Firstly we download the data from Gapminder and save it locally. Then we read in the Gapminder data, clean up the column names and take a look at the data.

Code
r = requests.get("https://www.gapminder.org/documentation/documentation/gapdata010.xls")
assert r.ok
Path("data/input/").mkdir(parents=True, exist_ok=True)
output = open("data/input/gapminder.xls", "wb")
output.write(r.content)
output.close()

Some preliminary cleaning of the data: 1) remove the first 16 rows, 2) remove white space from the country names and 3) remove rows where the maternal mortality rate is NA.

Code
df = pd.read_excel("data/input/gapminder.xls")
df_d = df.drop(df.index[0:16]).reset_index()
df_d["Country"] = df_d["Country"].str.strip()
df_d = df_d[~pd.isna(df_d["MMR"])]

Cleaning the Gapminder data

Important

There are some issues with the Gapminder data - we will manually clean them here.

  • The first three rows in the ‘year’ column seem to be wrong as it seems as if each row covers 110 years, but in another source they cover only 10 years.

  • I will replace them manually here with the middle of each decade, as is used in the other data from the same source.

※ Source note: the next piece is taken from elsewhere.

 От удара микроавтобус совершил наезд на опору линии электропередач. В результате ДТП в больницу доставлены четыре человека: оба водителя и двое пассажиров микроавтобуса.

  • There are cases where the year for Finland has been entered incorrectly three times, there are two 1772s, 1775s & 1967s, the second of each should be 1872, 1875 and 1957 respectively.

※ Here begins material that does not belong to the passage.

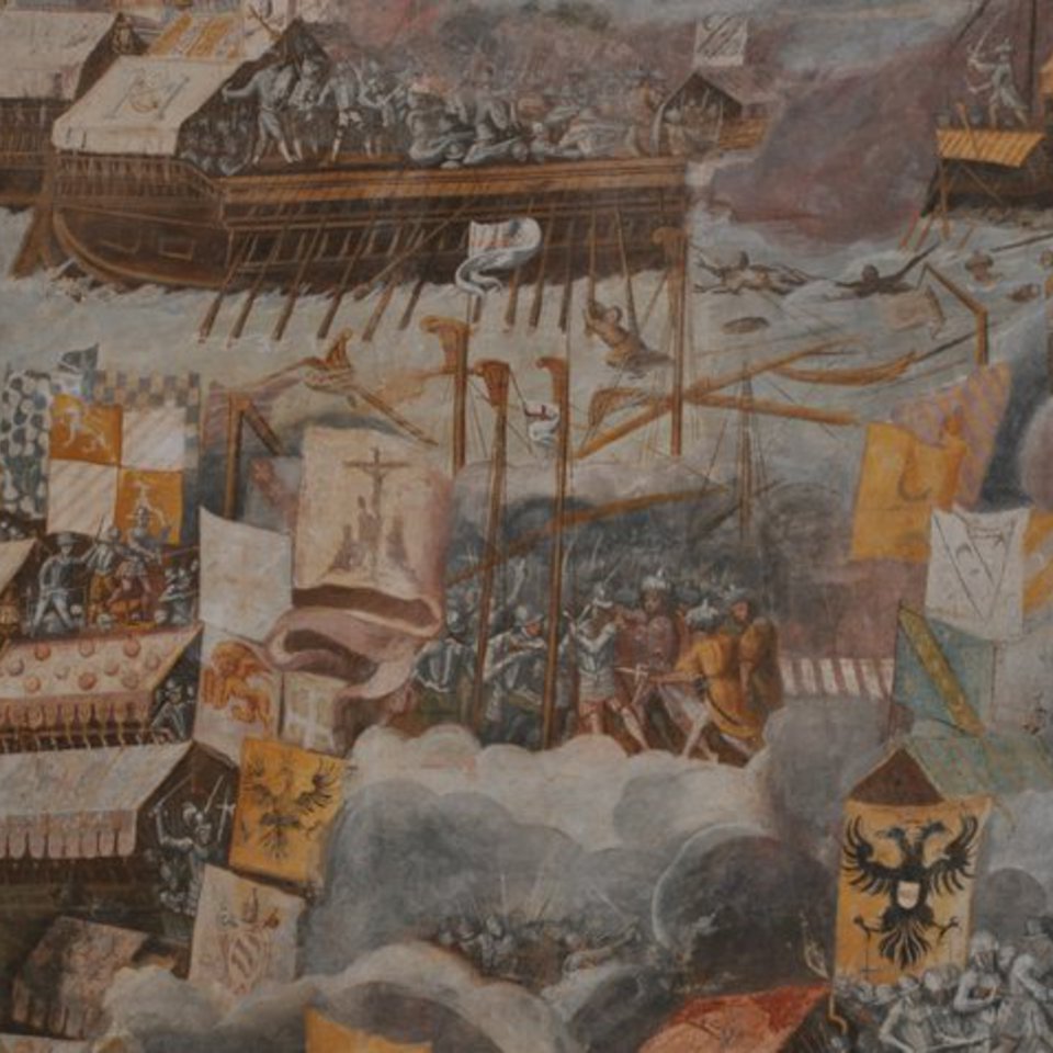 In fondo alla navata destra si trova un grande affresco della Battaglia di Lepanto della fine del XVI secolo.

  • There are also two errors for New Zealand, and one error for both Sweden and the US.

  • Ireland, Denmark and Sri Lanka’s maternal mortality rate drops to zero at some points - we will remove these.

Code
df_d.loc[:2, "year"] = ["1875", "1885", "1895"]

df_d.loc[
    (df_d["year"] == 1772)
    & (df_d["Country"] == "Finland")
    & (df_d["Maternal deaths"] == 487),
    "year",
] = 1872
df_d.loc[
    (df_d["year"] == 1775)
    & (df_d["Country"] == "Finland")
    & (df_d["Maternal deaths"] == 629),
    "year",
] = 1875
df_d.loc[
    (df_d["year"] == 1967)
    & (df_d["Country"] == "Finland")
    & (df_d["Maternal deaths"] == 77),
    "year",
] = 1957
df_d.loc[
    (df_d["year"] == 1967)
    & (df_d["Country"] == "Sweden")
    & (df_d["Maternal deaths"] == 39),
    "year",
] = 1957
df_d.loc[
    (df_d["year"] == 1967)
    & (df_d["Country"] == "United States")
    & (df_d["Maternal deaths"] == 1766.28),
    "year",
] = 1957

# Drop any rows where MMR is zero or '...' (Ireland, Denmark and Sri Lanka)
df_d = df_d.drop(df_d[(df_d["MMR"] == 0) | (df_d["MMR"] == '...')].index)

df_d = df_d.drop(
    df_d[
        (df_d["Country"] == "New Zealand")
        & (df_d["year"] == 1950)
        & (df_d["MMR"] == 90)
    ].index
)


# Duplicates after get_mid_year()
df_d = df_d.drop(
    df_d[
        (df_d["year"].isin(["1989-02", "1899-03"])) & (df_d["Country"] == "New Zealand")
    ].index
)

Check that there are no duplicates in the data.

Code
assert (
    df_d[df_d.duplicated(subset = ["Country", "year"],keep=False)].shape[0]
    == 0
)

Checking the given MMR matches a calculated MMR, where the data for live births and maternal deaths is given. It seems largely okay but the values for Ireland, particularly from 1901-1920. There is a drop of almost 1000 maternal deaths between 1920 and 1922.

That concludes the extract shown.